● Exercise details: Produce a word-for-word copy of the lines from the one that contains "Il Duo Italux" to the final line of the data below, with all pictures dropped.

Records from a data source
********

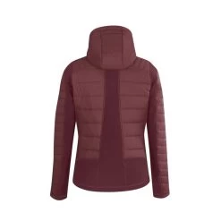 - Hybrid jacket design combines lightweight quilted insulation with stretch-fleece
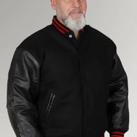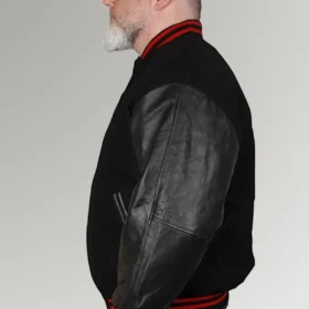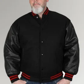 When designing the Olson jacket, the designer kept the respectability of the ensemble in mind. It is constructed of plush fleece that has been colored black, and the material that is used for its sleeves is leather. This ensures that it will keep you reasonably warm and comfortable during the colder months of the year. This jacket has a round neck collar that is ribbed and nicely knitted, and it has Scarlet Red lines on it. In addition to that, the cuffs have a ribbed design. The front of the jacket is designed with a button closing, which gives it a more casual appearance. This black jacket incorporates not one but two distinct styles: the classic and the biker. In addition, the waist line is ribbed and fitting, and the outer shell features two pockets on the sides. Consequently, don the Olson Black Baseball Jacket and make the most of this season.
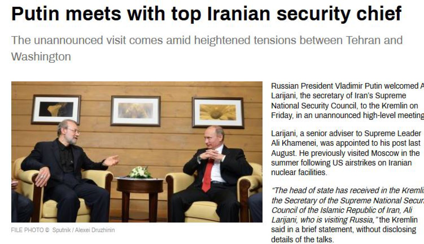 အမေရိကန်နဲ့အီရန်ကြား တင်းမာမှုတွေမြင့်တက်နေချိန်မှာပဲ ရုရှားသမ္မတပူတင်နဲ့ အီရန်ရဲ့အမြင့်ဆုံး အမျိုးသား လုံခြုံရေးကောင်စီအတွင်းရေးမှူး အလီလာရီ ဂျာနီတို့ရဲ့ တွေ့ဆုံမှုထွက်ပေါ်လာတာပဲဖြစ်ပါတယ်။
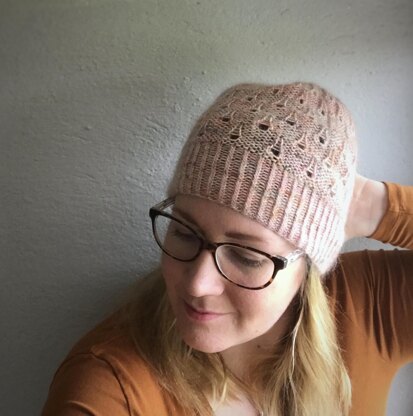The Brunch hat is knit from the bottom up using lace weight mohair and fingering weight yarn held together.
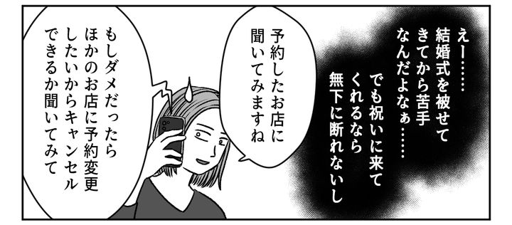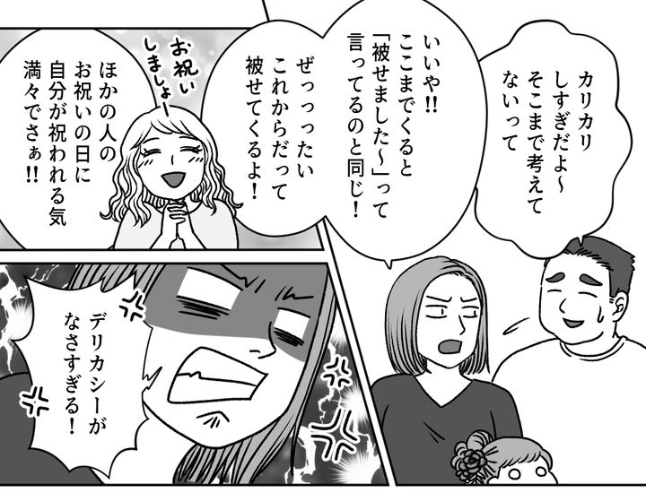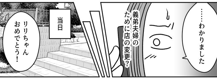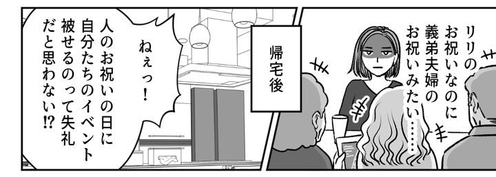 家に帰ってから、私は義弟夫婦への不満を旦那にぶつけます。誕生日には結婚式、そして今回の七五三では妊娠報告、どうしてリリのお祝いごとに被せてくるのでしょう。しかし旦那は、私が怒りすぎだと言うのです。私は今回の一件でいままで以上に、アンジュちゃんたちとはなるべく会わないようにしようと決めました。
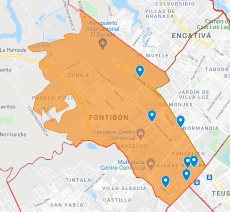 Cobertura: Desde Av. El Dorado con Kr 68 y la Cll 90 con Transv. 94 L.
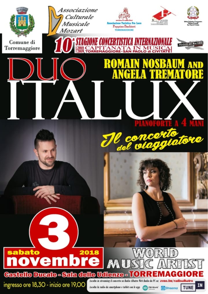 Il Duo Italux il 3 novembre 2018 al Castello Ducale di Torremaggiore con Romain Nosbaum e Angela Trematore
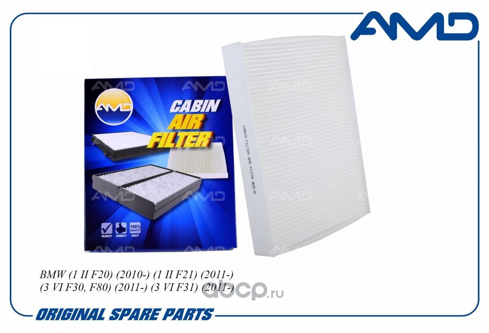 All World Cars - продажа Фильтр салонный BMW (1 II F20) (2010-) (1 II F21) (2011-) (3 VI F3 AMD AMD.FC778 артикул AMDFC778 по всей России и странах СНГ. Развитая сеть представительств с быстрой доставкой товаров бренда AMD и гарантией выгодной цены. Покупая в AWC товар AMD каталожный номер AMDFC778 вы бережете свое время, нервы и деньги.
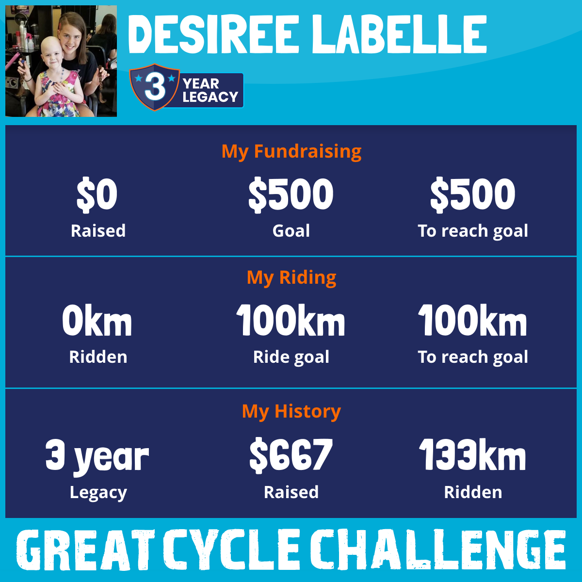 I am riding 100 km for Cassandra Labelle. Please sponsor me and support my challenge to fight kids' cancer and save little lives.

********

● Expected answer:
 Il Duo Italux il 3 novembre 2018 al Castello Ducale di Torremaggiore con Romain Nosbaum e Angela Trematore
 All World Cars - продажа Фильтр салонный BMW (1 II F20) (2010-) (1 II F21) (2011-) (3 VI F3 AMD AMD.FC778 артикул AMDFC778 по всей России и странах СНГ. Развитая сеть представительств с быстрой доставкой товаров бренда AMD и гарантией выгодной цены. Покупая в AWC товар AMD каталожный номер AMDFC778 вы бережете свое время, нервы и деньги.
 I am riding 100 km for Cassandra Labelle. Please sponsor me and support my challenge to fight kids' cancer and save little lives.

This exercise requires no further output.